Об этом письме, которому суждено было изменить будущее империи, осталось короткое упоминание очевидцев. Из ночи в ночь Гай представлял, как Тиберий в своей высокой вилле на Капри открывает без свидетелей этот тайный пакет, расшифровывает послание, а потом, один в комнате, надолго задумывается, мучаясь страшным разочарованием, терзаемый не находящим выхода гневом. Он захочет распорядиться об осторожных проверках, устроить тончайшие ловушки, найти непроизвольные подтверждения...
Второй раз Гай поддался надежде, что вновь обнимет мать и оставшегося в живых брата; от этой мысли его самоконтроль совсем ослабевал. Но прошло много дней. Тиберий не ответил.

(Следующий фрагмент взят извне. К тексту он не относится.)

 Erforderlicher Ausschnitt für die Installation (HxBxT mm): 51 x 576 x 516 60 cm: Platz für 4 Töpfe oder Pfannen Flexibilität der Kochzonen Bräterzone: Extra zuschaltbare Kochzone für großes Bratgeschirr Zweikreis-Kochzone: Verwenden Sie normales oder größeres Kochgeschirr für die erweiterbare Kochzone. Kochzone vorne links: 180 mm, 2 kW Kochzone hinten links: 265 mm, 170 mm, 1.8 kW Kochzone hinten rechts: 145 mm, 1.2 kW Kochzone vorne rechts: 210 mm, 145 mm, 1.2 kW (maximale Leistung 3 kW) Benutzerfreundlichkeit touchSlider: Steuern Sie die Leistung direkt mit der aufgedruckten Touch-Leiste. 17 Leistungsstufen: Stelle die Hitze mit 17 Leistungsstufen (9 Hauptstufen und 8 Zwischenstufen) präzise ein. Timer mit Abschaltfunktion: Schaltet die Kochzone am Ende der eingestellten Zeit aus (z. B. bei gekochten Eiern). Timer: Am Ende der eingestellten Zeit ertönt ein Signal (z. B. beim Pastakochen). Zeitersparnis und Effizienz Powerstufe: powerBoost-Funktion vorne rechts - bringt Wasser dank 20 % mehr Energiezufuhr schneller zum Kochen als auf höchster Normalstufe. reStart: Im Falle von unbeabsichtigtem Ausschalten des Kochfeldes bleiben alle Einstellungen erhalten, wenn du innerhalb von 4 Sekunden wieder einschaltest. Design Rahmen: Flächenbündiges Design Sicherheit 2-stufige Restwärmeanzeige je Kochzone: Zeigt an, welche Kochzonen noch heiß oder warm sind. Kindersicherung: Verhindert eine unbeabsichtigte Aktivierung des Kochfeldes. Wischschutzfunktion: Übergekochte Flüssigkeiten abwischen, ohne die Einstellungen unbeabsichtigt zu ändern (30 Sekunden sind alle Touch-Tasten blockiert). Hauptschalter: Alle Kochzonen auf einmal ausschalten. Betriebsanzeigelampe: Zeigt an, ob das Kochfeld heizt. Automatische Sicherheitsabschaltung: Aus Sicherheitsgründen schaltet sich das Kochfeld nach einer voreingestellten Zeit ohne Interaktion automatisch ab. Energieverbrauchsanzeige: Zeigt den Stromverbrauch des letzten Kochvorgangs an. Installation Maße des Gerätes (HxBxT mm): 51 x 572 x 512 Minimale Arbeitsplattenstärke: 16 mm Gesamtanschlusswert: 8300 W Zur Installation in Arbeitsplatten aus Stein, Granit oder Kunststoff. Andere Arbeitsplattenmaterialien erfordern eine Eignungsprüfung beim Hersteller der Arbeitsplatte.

И ничего не произошло.
ЧЕЛОВЕК ИЗ АЛЬБЫ ФУЦЕНЦИИ
В ту октябрьскую ночь Тиберий тайно вызвал на Капри одного офицера, которого раньше видели здесь редко, поскольку он проводил жизнь в суровых полицейских дознаниях и его лютость и неразборчивость в средствах были известны только Тиберию да самим его жертвам. Звали его Невий Серторий Макрон, он родился в горах Альбы Фуценции, в неприступной крепости, стратегическом сердце центральных Апеннин, в девяноста милях от Рима, месте дислокации двух грозных легионов — четвёртого и легиона Марция. Но особенно это место славилось своей жуткой государственной тюрьмой. В её подземельях, зимой засыпанных снегом, умер македонский царь Персей, шесть лет не видевший солнечного света; там же скончался Сифакс Нумидийский.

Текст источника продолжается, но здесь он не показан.